De fait, la simple application de la sanction de la déchéance des intérêts conventionnels serait susceptible de conférer un bénéfice au prêteur, qui pourrait percevoir des montants qui ne seraient pas significativement inférieurs à ceux dont il aurait pu bénéficier s‘il avait respecté ses obligations, d’où un régime de sanction ne pouvant être considéré comme dissuasif puisque amoindrissant pour le créancier la sanction prononcée.
En l’espèce, le taux contractuel étant de 4,45 %, les montants susceptibles d’être effectivement perçus par le prêteur au titre des intérêts au taux légal majoré de cinq points, nonobstant la déchéance des intérêts, ne sont pas significativement inférieurs à ceux dont celui-ci aurait pu bénéficier s’il avait respecté ses obligations.

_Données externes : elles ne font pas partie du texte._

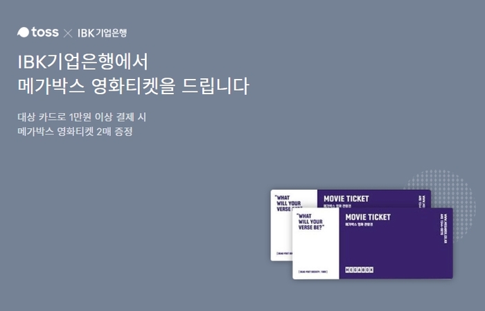한편 토스영화티켓증정이벤트는 8월 31일까지 토스앱에서 기업은행 일상의 기쁨카드를 발급받고, 1만원 이상 결제하면 메가박스 영화 티켓을 2장 지급하는 이벤트다.
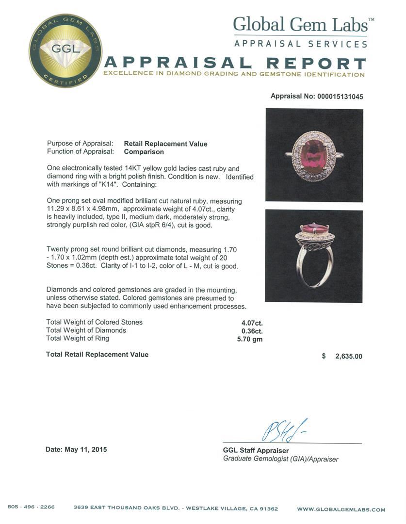 One electronically tested 14KT yellow gold ladies cast ruby and diamond ring with a bright polish finish. Identified with markings of "K14". Condition is new. Containing: One prong set oval modified brilliant cut natural ruby, measuring 11.29 x 8.61 x 4.98mm, approximate weight of 4.07ct., clarity is heavily included, type II, medium dark, moderately strong, strongly purplish red color, (GIA stpR 6/4), cut is good. Twenty prong set round brilliant cut diamonds, measuring 1.70 - 1.70 x 1.02mm (depth est.) approximate total weight of 20 Stones = 0.36ct. Clarity: I-1 to I-2. Color: L - M, Cut is Good. Diamonds and colored gemstones are graded in the mounting, unless otherwise stated. Colored gemstones are presumed to have been subjected to commonly used enhancement processes. Total Weight of Colored Stones 4.07ct. Total Weight of Diamonds 0.36ct. Total Weight of Ring 5.70 grams. GGL Appraised at $2,635.00.
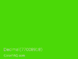 Decimal 77008918 Color is a normal green color and the nearest color is Harlequin Green #46cb18. Hex code #4bda08 and RGB value is rgb(75,218,8). In RGB color space, this color is composed of 29% red, 85% green, 3% blue, In CMYK color space, this color is composed of 66% cyan, 0% magenta, 96% yellow , 15% black , In HSL color space, this color has a hue angle of 101° , 93% saturation and 44% lightness.
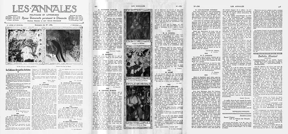- ^ Les Annales politiques et littéraires, Sommaire du n. 1536, 1 December 1912 (A30, T59, N1536), pp. 473 - 475. Gallica, Bibliothèque nationale de France
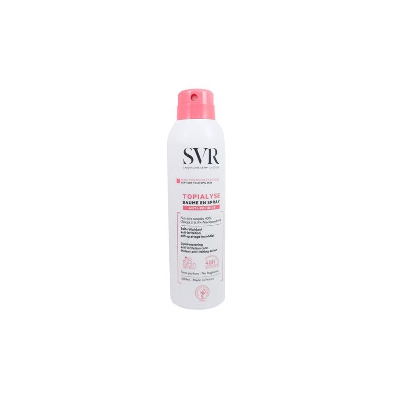 TOPIALYSE Baume en spray soulage les peaux à tendance atopiques. Peaux sensibles très sèches à tendance atopique. Dès la naissance, pour toute la famille. TOPIALYSE Baume en spray est un baume anti-récidive qui soulage immédiatement et apaise durablement les irritations et sensations de grattage. L’application d’un émollient au quotidien est souvent laborieuse. Avec TOPIALYSE Baume En Spray cela devient un jeu d'enfants
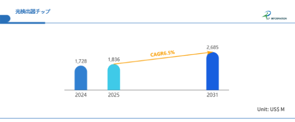 LP Information調査チームの最新レポートである「世界光検出器チップ市場の成長予測2025~2031」(https://www.lpinformation.jp/reports/565376/photoelectric-detector-chip)によると、2025年から2031年の予測期間中のCAGRが6.5%で、2031年までにグローバル光検出器チップ市場規模は26.85億米ドルに達すると予測されている。
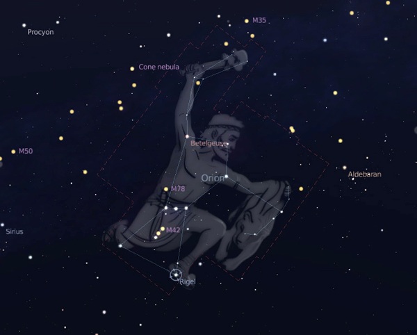 Это самое большое и красочное созвездие. Его хорошо видно осенью и зимой. Орион можно увидеть над территорией всей России. Расположение его звезд напоминает очертания человека.
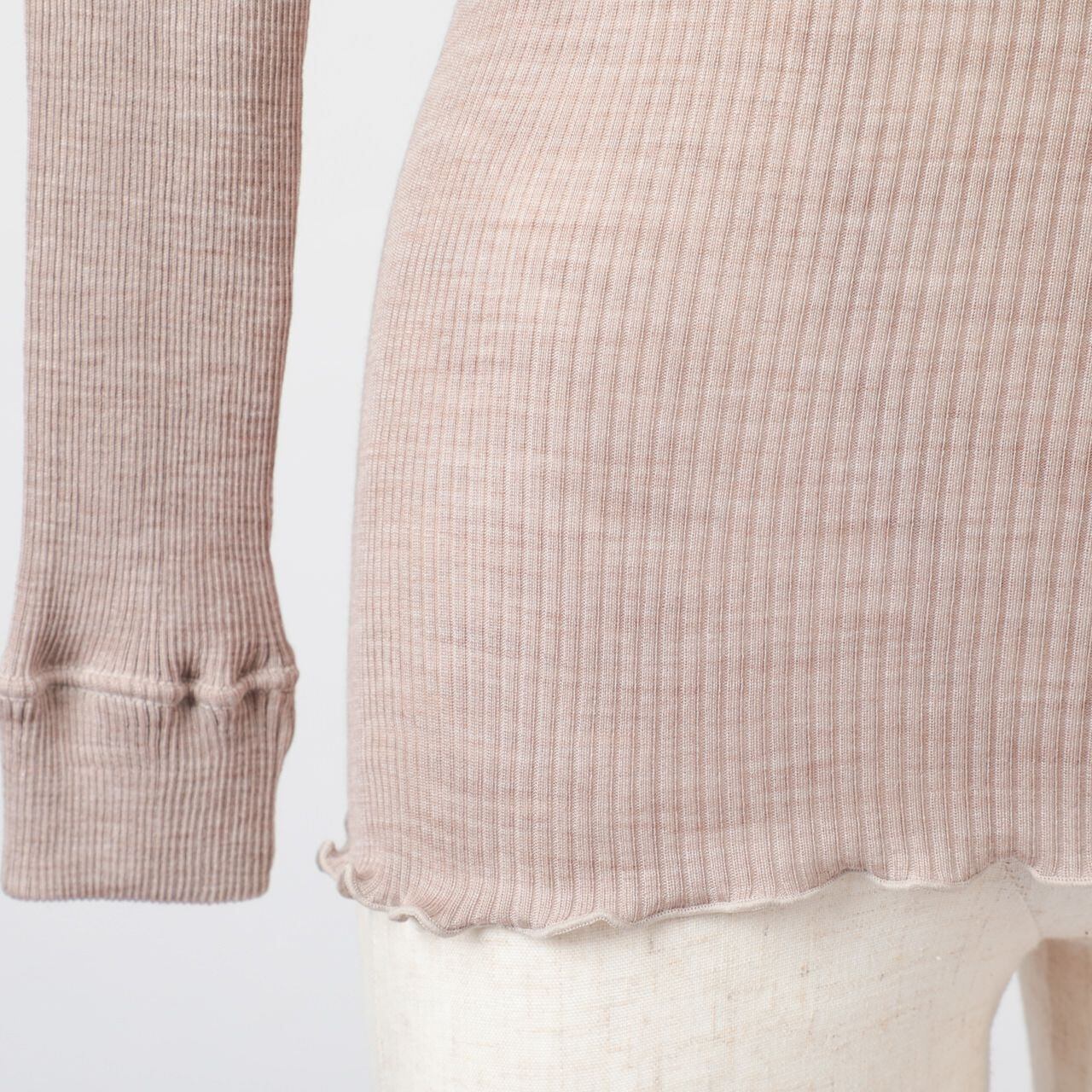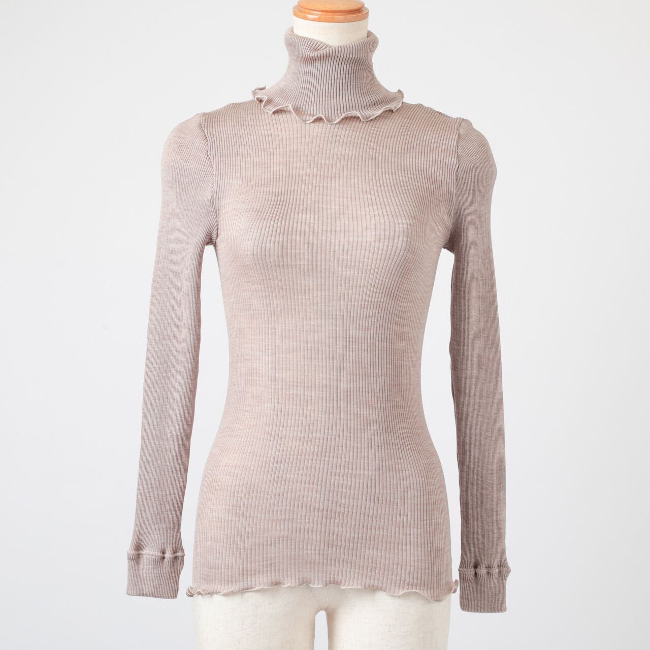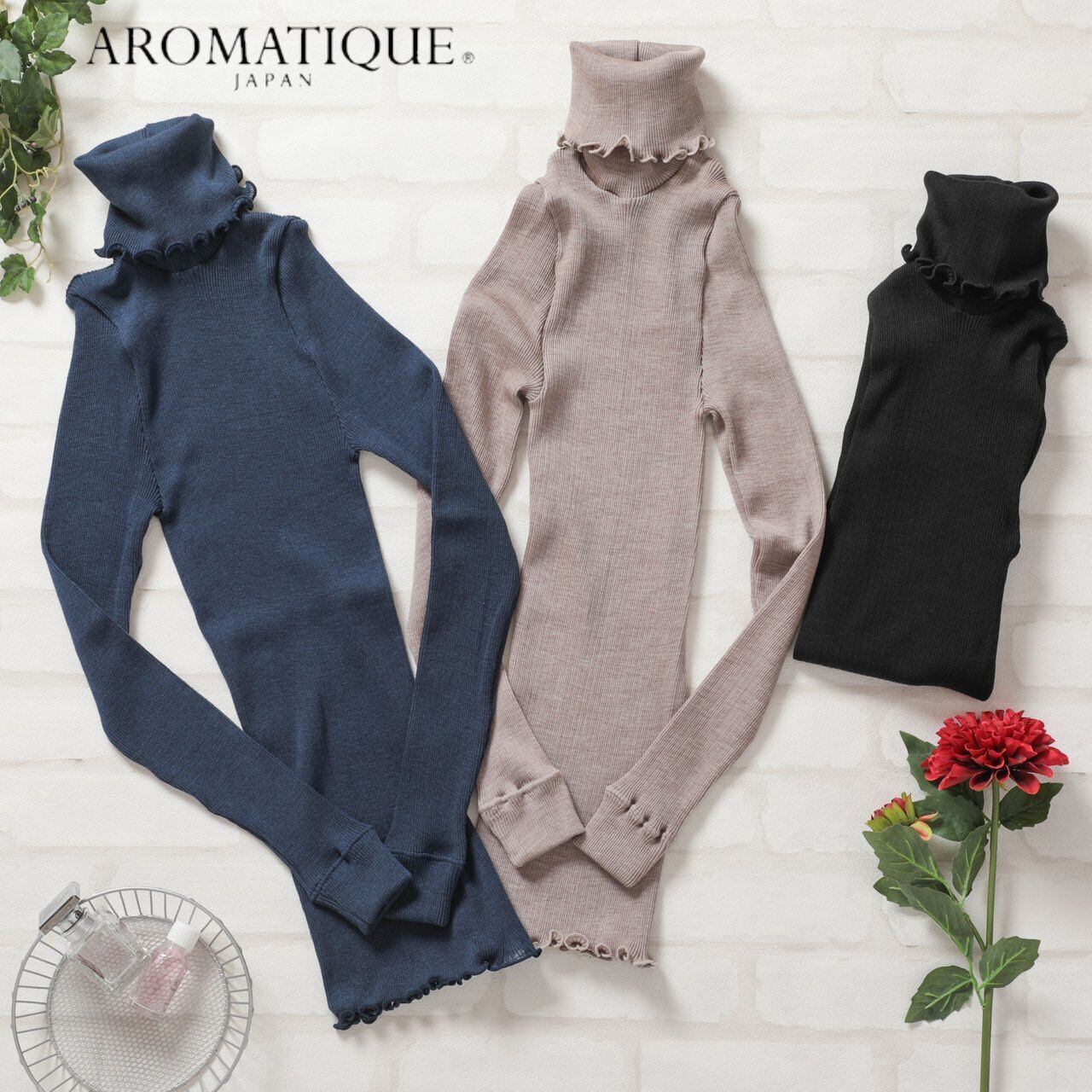 アロマティック AROMATIQUE ロングスリーブ 長袖 インナー レディース ハイネック ウール シルク 絹 リブ 温かい 暖かい 秋 冬 日本製 やわらか ギフト プレゼント M L ブラック グレージュ ネイビー J793AR At022
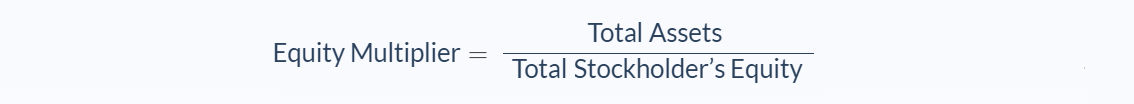 The formula for equity multiplier is total assets divided by stockholder's equity.
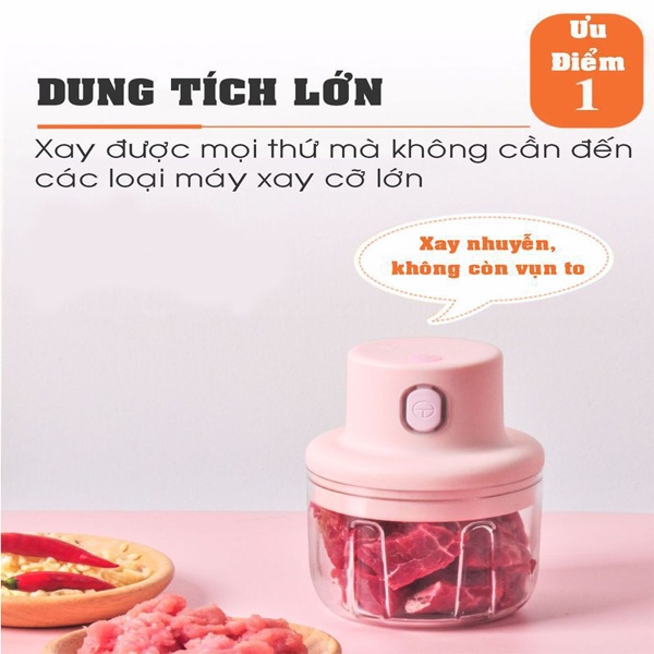 👉 Nhỏ gọn, tiện lợi, đa năng, xay được nhiều loạt thịt, tỏi, ớt, củ quả...
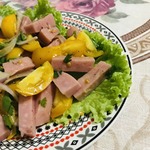 Салат с ветчиной, помидорами и луком
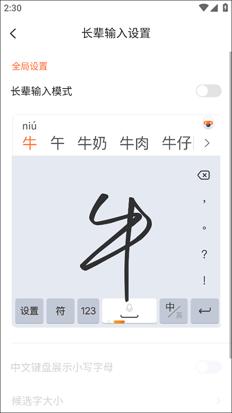 【长辈模式】支持设置中文键盘展示小写字母,更贴合长辈拼音使用习惯。
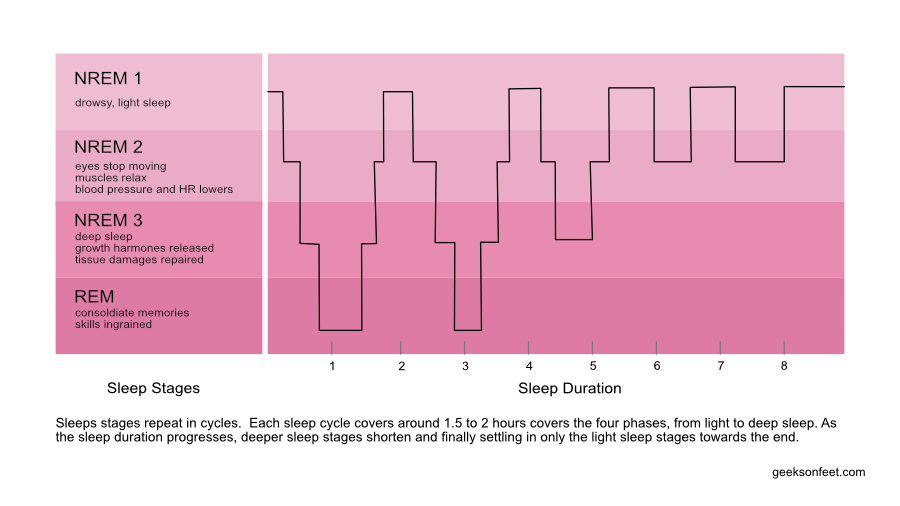 - Stage IV - REM: Often coming 70 to 90 minutes into the cycle. We consolidate memories and ingrain skills, which are obviously important for our athletic performance. Training that involves motor/cognitive skills, this phase of sleep is crucial.
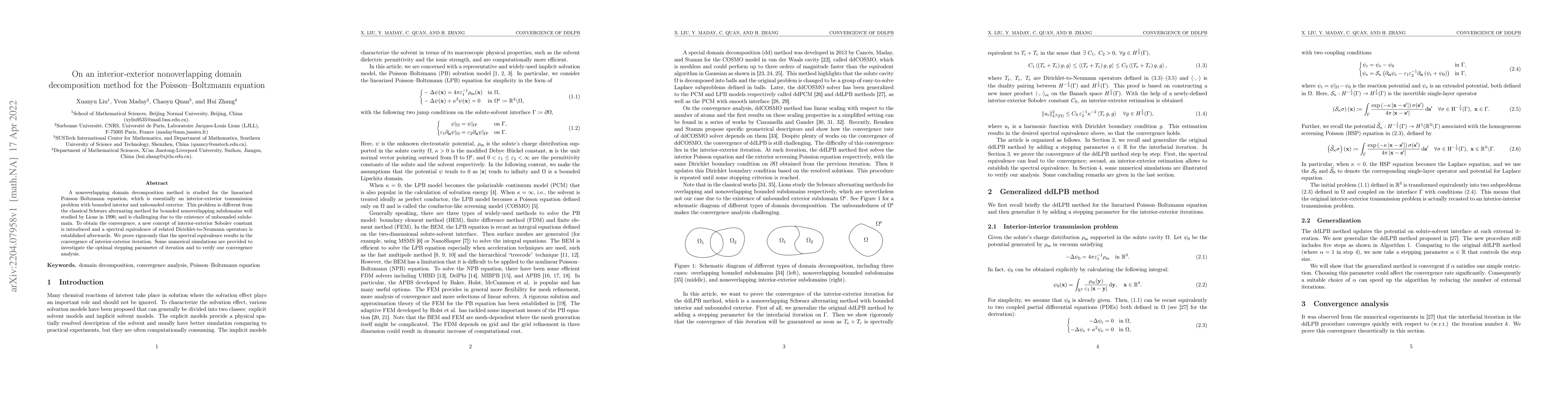 This paper introduces a nonoverlapping domain decomposition method for solving the linearized Poisson-Boltzmann equation, addressing the unique challenges of an unbounded exterior. The authors establish spectral equivalence of related operators and define an interior-exterior Sobolev constant to ensure convergence, supported by numerical simulations.
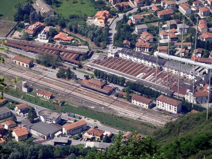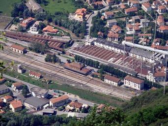 Keywords: Laveno Stazione FS 1.JPG fr Laveno-Mombello VA Stazione delle Ferrovie dello Stato FS vista dal Poggio Sant'Elsa 2012-07-09 11 57 08 own Torsade de Pointes cc-zero Uploaded with UploadWizard Laveno-Mombello train station
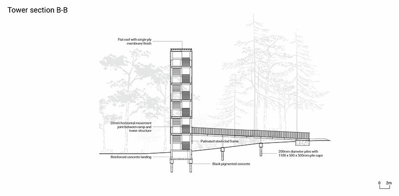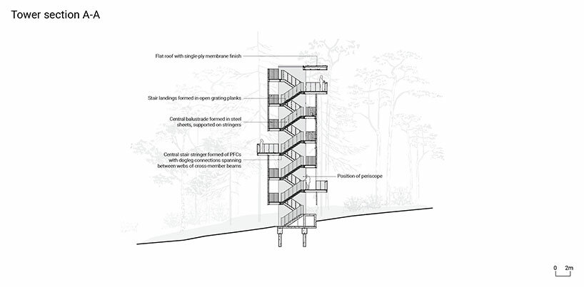 the tower visually blends into its natural surroundings with a permeable skin of charred larch, enclosing the patinated metal core and galvanized steel stair. eventually, the architecture will weather to become a silvery gray, matching the tones of the scotch pines from which it emerges.

Aussi, à la lumière du texte susvisé ainsi que de sa finalité en matière de protection du consommateur, et pour aboutir à une solution conforme à l’objectif poursuivi par le code de la consommation, il convient donc de ne pas faire application de l’article 1153du code civil et de l’article L. 313-3 du code monétaire et financier en disant que la somme restant due en capital ne portera pas intérêts au taux légal.
SUR LES DEMANDES ACCESSOIRES
Sur les dépens
M. [E] [L] succombant à l’instance, il y a lieu de le condamner aux entiers dépens de l’instance à l’exclusion du coût de sommation de payer, la mise en demeure du débiteur pouvant être utilement faite par lettre recommandée en application de l’article 1139 du code civil.
Sur les frais irrépétibles
L’équité commande de rejeter la demande d’indemnité au titre de l’article 700 du code de procédure civile.
Sur l’exécution provisoire
L’ancienneté et la nature de la créance justifient le prononcé de l’exécution provisoire.
PAR CES MOTIFS
Le tribunal, statuant par jugement réputé contradictoire et en premier ressort,
CONSTATE que l’offre préalable de crédit litigieuse proposée par la SA Société Générale Calédonienne de Banque et acceptée par M. [E] [L] le 6 août 2020 est irrégulière,
PRONONCE en conséquence la déchéance du droit aux intérêts de la SA Société Générale Calédonienne de Banque au titre du contrat de crédit souscrit par M. [E] [L] le 6 août 2020, à compter de cette date,
DÉBOUTE la SA Société Générale Calédonienne de Banque de sa demande au titre de l’indemnité de 8%,
CONDAMNE M. [E] [L] à payer à la SA Société Générale Calédonienne de Banque la seule différence entre les sommes débloquées à son profit par le prêteur et les versements par lui effectués avant et après la déchéance du terme, soit la somme de 1 080 349 F CFP (un million quatre-vingt mille trois cent quarante-neuf francs CFP),
ÉCARTE l’application des articles 1153 du code civil et L. 313-3 du code monétaire et financier et DIT qu’en conséquence, cette somme ne portera pas intérêts au taux légal,
ORDONNE l’exécution provisoire de la présente décision,
CONDAMNE M. [E] [L] aux entiers dépens de la présente procédure,
DÉBOUTE la SA Société Générale Calédonienne de Banque de sa demande d’indemnité formulée au titre de l’article 700 du code de procédure civile,
Ainsi jugé et prononcé par mise à disposition au greffe le 17 mars 2025.